--- Material for the task ---
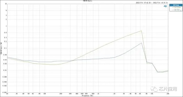 另外在材料上,一體成型和磁封膠對功放性能也有影響,ACM8625為例,相同配置下,只是更換飽和電流差不多,不同材質(zhì)的電感對比THD+N的對比:
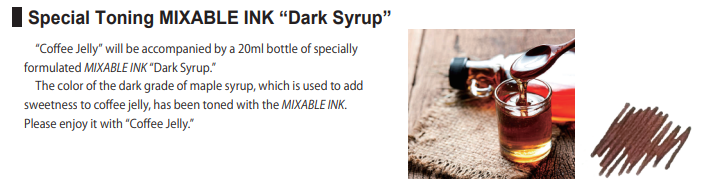 Accompanying the Coffee Jelly pen is a 20ml bottle of specially formulated Mixable ink "Dark Syrup". This ink is a rich lovely brown hue Inspired by the dark grade of maple syrup used to add sweetness to coffee jelly.
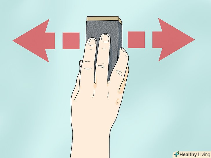Купіть пристосування для шліфування стін. терти стіну вручну шматком шкурки малопродуктивно, тому рекомендуємо вам купити шліфувальний брусок або ручну шліфувальну машину. Шліфувальний брусок-це невеликий предмет у формі паралелепіпеда з твердого матеріалу, на який натягується наждачний папір. Ручна шліфувальна машина схожа на дриль або болгарку; вона також заправляється наждачним папером. Обидва ці пристосування значно полегшують зачистку стін. [2]- Як правило, у шліфувальних брусків є затискачі для закріплення наждачного паперу. Закріпіть один край наждачного паперу затискачем, потім натягніть її і закріпіть другий край.
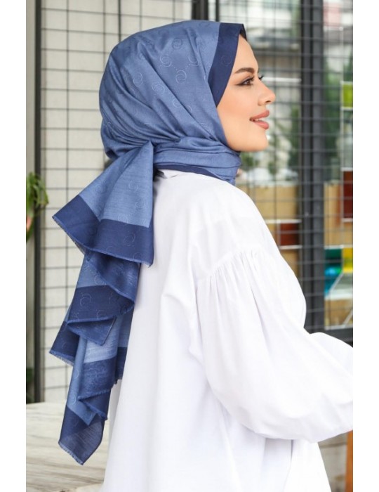 MONOGRAM HALKA DESEN ŞAL MAVİ
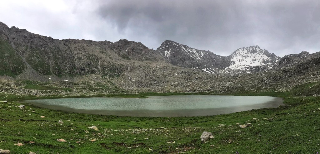 We had been thinking that we were going to camp further on, closer to the Boz-Uchuk Lakes, so we are a little surprised. We pull out the map to consult. We point to the lakes, but Urmat tells us that getting to the lakes crosses terrain too difficult for a horse and that it is too wet and marshy for camping up there. The spot we are currently at is near running water and is far better as far as they are concerned. We decide to go with it and help set up the tents in the wet meadow just as the rain starts up again. We take the opportunity to rest for a bit but pack up our super light backpacks for a late afternoon hike to one of the three lakes in shooting distance from our camp.
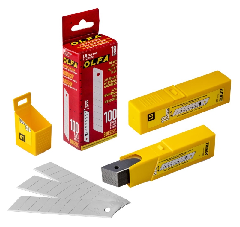 The Olfa 18 mm heavy-duty silver snap-off blade is manufactured from high-quality Japanese tool steel. These professional blades deliver durable, lasting performance. Each blade is precision honed for unparalleled sharpness and edge retention. With eight segments per blade, a fresh sharp edge is always available quick and easy.
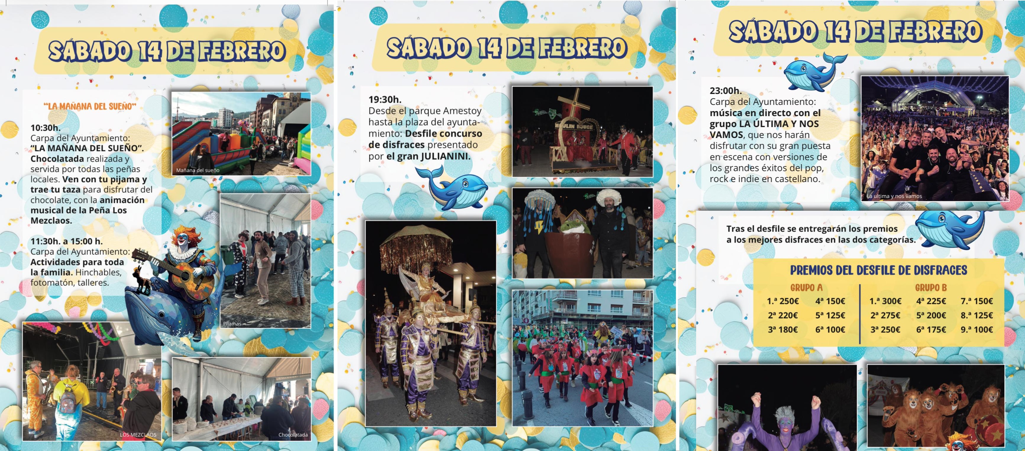 • La jornada del sábado 14 febrero comenzará con La Mañana del Sueño, con el reparto de chocolate y sobaos a cargo de las peñas locales y la animación de la peña Los Mezclaos. Durante toda la mañana habrá hinchables y talleres familiares pensados para el disfrute de pequeños y mayores.
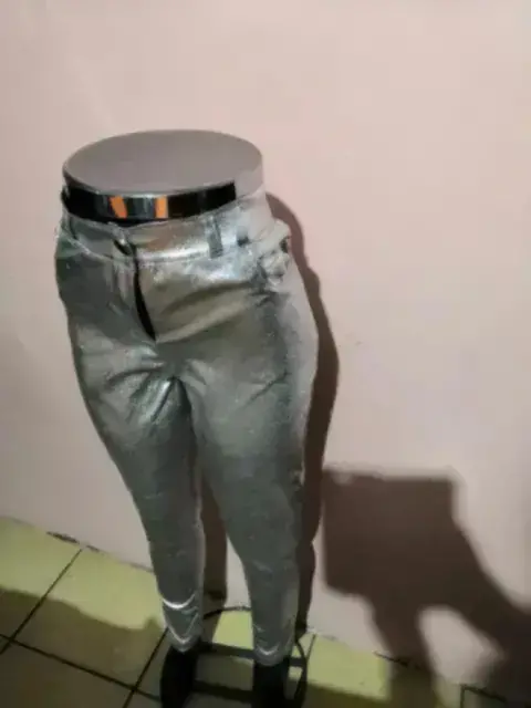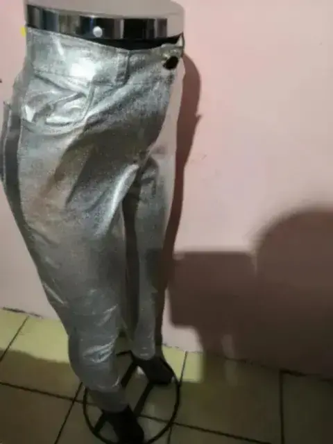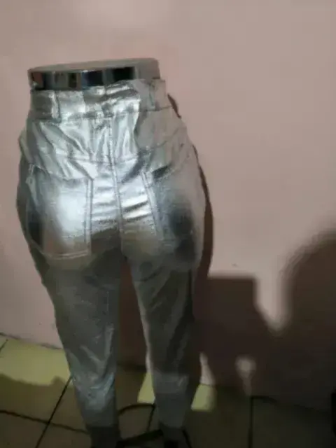 Legging color plateado tela stretch, queda entre talla 34-36, el interior de la tela no es plastica, la bolsa traseras son funcionales, da a la cintura
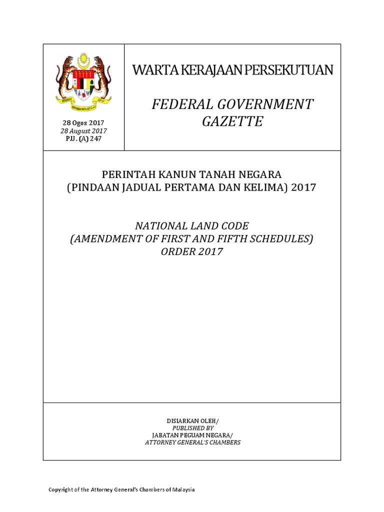 In this article, alexis yong mey ling highlights the changes in the national land code (amendment) act 2016 (nlc amendment before the coming into force of the nlc (amendment) act, a disposal of or dealing in any land or any interest in land which is subject to the. >>>> national land code malaysia.pdf <<<< we have managed to get. Land administration and land law practices are based on the torrens system introduced by the british. An act to amend and consolidate the laws relating to land and land tenure, the registration of title to land and of dealings therewith and the collection of revenue therefrom within the states of johore, kedah, kelantan, malacca. The principles in national land code 1965 that are found to be in line with islam the national land code 1965 provides for protection of ownership over land.

--- What you have to do ---
Print all of the records shown above exactly, leaving out each picture.

--- Answer box ---
 另外在材料上,一體成型和磁封膠對功放性能也有影響,ACM8625為例,相同配置下,只是更換飽和電流差不多,不同材質(zhì)的電感對比THD+N的對比:
 Accompanying the Coffee Jelly pen is a 20ml bottle of specially formulated Mixable ink "Dark Syrup". This ink is a rich lovely brown hue Inspired by the dark grade of maple syrup used to add sweetness to coffee jelly.
Купіть пристосування для шліфування стін. терти стіну вручну шматком шкурки малопродуктивно, тому рекомендуємо вам купити шліфувальний брусок або ручну шліфувальну машину. Шліфувальний брусок-це невеликий предмет у формі паралелепіпеда з твердого матеріалу, на який натягується наждачний папір. Ручна шліфувальна машина схожа на дриль або болгарку; вона також заправляється наждачним папером. Обидва ці пристосування значно полегшують зачистку стін. [2]- Як правило, у шліфувальних брусків є затискачі для закріплення наждачного паперу. Закріпіть один край наждачного паперу затискачем, потім натягніть її і закріпіть другий край.
 MONOGRAM HALKA DESEN ŞAL MAVİ
 We had been thinking that we were going to camp further on, closer to the Boz-Uchuk Lakes, so we are a little surprised. We pull out the map to consult. We point to the lakes, but Urmat tells us that getting to the lakes crosses terrain too difficult for a horse and that it is too wet and marshy for camping up there. The spot we are currently at is near running water and is far better as far as they are concerned. We decide to go with it and help set up the tents in the wet meadow just as the rain starts up again. We take the opportunity to rest for a bit but pack up our super light backpacks for a late afternoon hike to one of the three lakes in shooting distance from our camp.
 The Olfa 18 mm heavy-duty silver snap-off blade is manufactured from high-quality Japanese tool steel. These professional blades deliver durable, lasting performance. Each blade is precision honed for unparalleled sharpness and edge retention. With eight segments per blade, a fresh sharp edge is always available quick and easy.
 • La jornada del sábado 14 febrero comenzará con La Mañana del Sueño, con el reparto de chocolate y sobaos a cargo de las peñas locales y la animación de la peña Los Mezclaos. Durante toda la mañana habrá hinchables y talleres familiares pensados para el disfrute de pequeños y mayores.
 Legging color plateado tela stretch, queda entre talla 34-36, el interior de la tela no es plastica, la bolsa traseras son funcionales, da a la cintura
 In this article, alexis yong mey ling highlights the changes in the national land code (amendment) act 2016 (nlc amendment before the coming into force of the nlc (amendment) act, a disposal of or dealing in any land or any interest in land which is subject to the. >>>> national land code malaysia.pdf <<<< we have managed to get. Land administration and land law practices are based on the torrens system introduced by the british. An act to amend and consolidate the laws relating to land and land tenure, the registration of title to land and of dealings therewith and the collection of revenue therefrom within the states of johore, kedah, kelantan, malacca. The principles in national land code 1965 that are found to be in line with islam the national land code 1965 provides for protection of ownership over land.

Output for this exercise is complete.